I pay for ChatGPT Pro and the voice mode is really bad: it pretends to do web searches and makes up things, and when pushed says it didn't actually read the article. Also the voice sounds super-condescending.
Gemini Pro mobile app - similarly refuses to open links and sounds as if it's talking to a baby.
Claude mobile app was the best among these - the voice is very tolerable in terms of tone, but like the others it can't open links. I does do web searches, but gets some type of summaries of pages, and it doesn't actually go into the links themselves to give me details.
Each of the LoRA tunes we did took maybe 2-3 hours on the same A10 instance.

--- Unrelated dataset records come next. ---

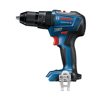 The Bosch GSB18V-490 18V EC Brushless 1/2 In. Hammer Drill/Driver is made to tackle demanding materials and applications (such as metal or masonry). This powerful hammer drill/driver features Rapid Mode Selection, to switch among hammer mode, drilling mode and driving mode, engaging a clutch with 20 precision torque settings, for reduced fastener damage. Its efficient EC Brushless motor delivers outstanding runtime and longer motor life. It generates 490 In.-Lbs. of torque and a no-load bpm of 0-22,000. This drill is variable-speed and has a two-speed gearbox, designed for high-torque driving (0-460 rpm) or high-speed drilling (0-1,800 rpm). With an upgraded, all-metal chuck, the drill has great bit hold and torque transfer. The GSB18V-490 features Bosch's Electronic Motor Protection, an LED for illumination and a belt clip. It is an easy tool to handle, with an ergonomic grip zone.
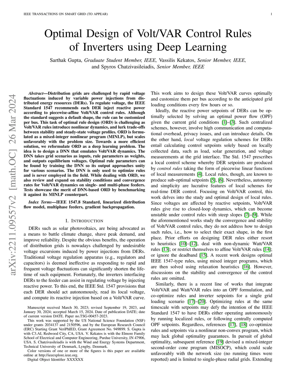 Optimal Design of Volt/VAR Control Rules of Inverters using Deep
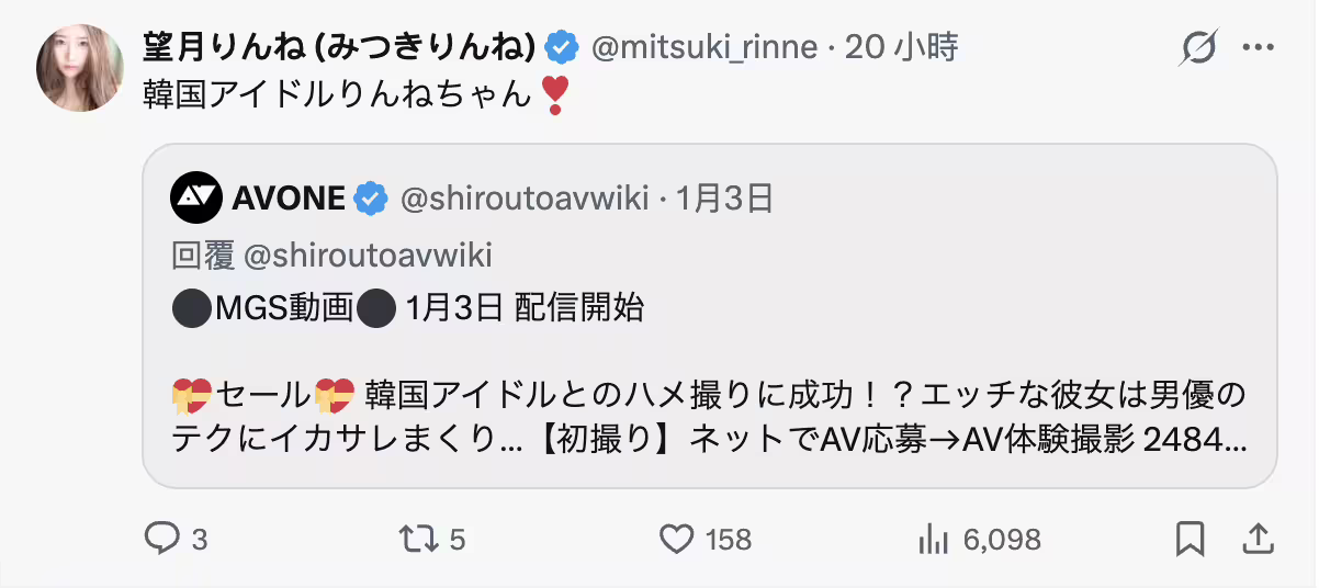 應該有些人反應過來了,望月りんね(望月凜音)?她不是在Ideapocket(IP社,アイポケ)於去年6月出道、號稱又可愛又漂亮又敏感的新生代女優嗎?怎麼會到了MGStage這個串流平台變成韓國偶像?答案很簡單,那就是望月りんね(望月凜音)不再是Ideapocket的一員,雙方合作只到去年11月為止,而且在Ideapocket在社群上發表的賀歲圖卡上也找不到她的身影,就是被蛋雕惹〜

So I am hoping for something like PersonaPlex but a bit larger.
Has anyone tested MiniCPM-o?.How is it at instruction following?

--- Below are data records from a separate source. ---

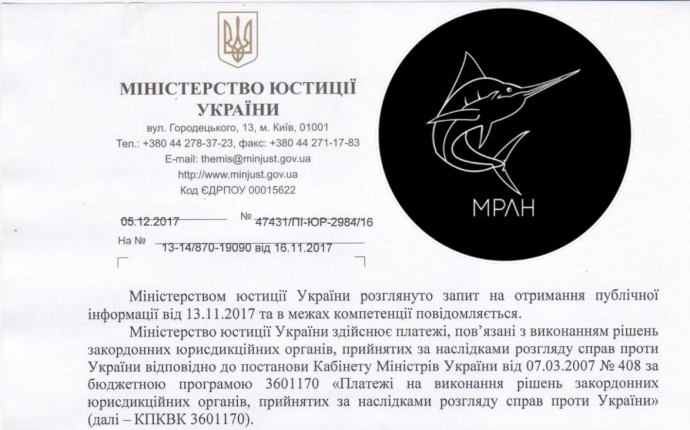 У Мін'юсті стверджують, що виплатили ці гроші київській компанії "Золотий мандарин ойл" за рішенням Європейського суду з прав людини і зробили це законно.
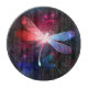 Lumineuse, volante, libellule rouge, avec des ailes transparentes et détaillées sur arrière - plan sombre, nocturne, lumineux avec plantes tropicaux et lucioles. libellule rouge.
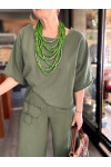 Bu takım, yaz günlerinin sıcaklığında hem şık hem de konforlu bir seçenek sunuyor. Hafif kumaşı ile ferah bir deneyim yaşarken, Vintage detaylarıyla da zarafetinizi artırabilirsiniz. Hem günlük kullanımda hem de özel anlarda sizi her zaman şık gösterecek.

But, this piece is a fluff piece: "underfunded" means a total of around $400 million ($330 million in the initial round, $70 million for Gradium). Compare to Elevenlabs who used a $2 million pre-seed for creating their initial product.
A bunch of other stuff there is disingenuous, like comparing their 7B model to Llama-3 405B (hint: the 7B model is a _lot_ dumber). There's also the outright lie: team of 4 made Moshi, which is corrected _in the same piece_ to 8 if you read enough.
With the prompt "WWII Plane Japan Kawasaki Ki-61 flying by, propeller airplane" and setting looping on and 30 sec duration manually instead of auto (the duration predictor fails pretty bad at this prompt, you need to be logged in to set duration manually) it works pretty well. No idea if it's close to that specific airplane though it sounds like a ww2 plane to me though.
It has modern voices, but I prefer the robotic voice from 15 years ago because it's very patterned and predictable, which makes it easier to follow at super-fast speaking rates -- something closer to my visual reading rate.
..plenty of money to be made elsewhere
Audio is too niche and porn is too ethically messy and legally risky.
There's also music, which the giants also don't touch. Suno is actually really impressive.
Wisprflow does not create it's own models but i know willow voice did do extensive finetuning to improve the quality and speed of their transcription models so you may count them.
You get all kinds of weird noises and random words. Jack is often apologetic about the problem you are having with the Hyperion xt5000 smart hub.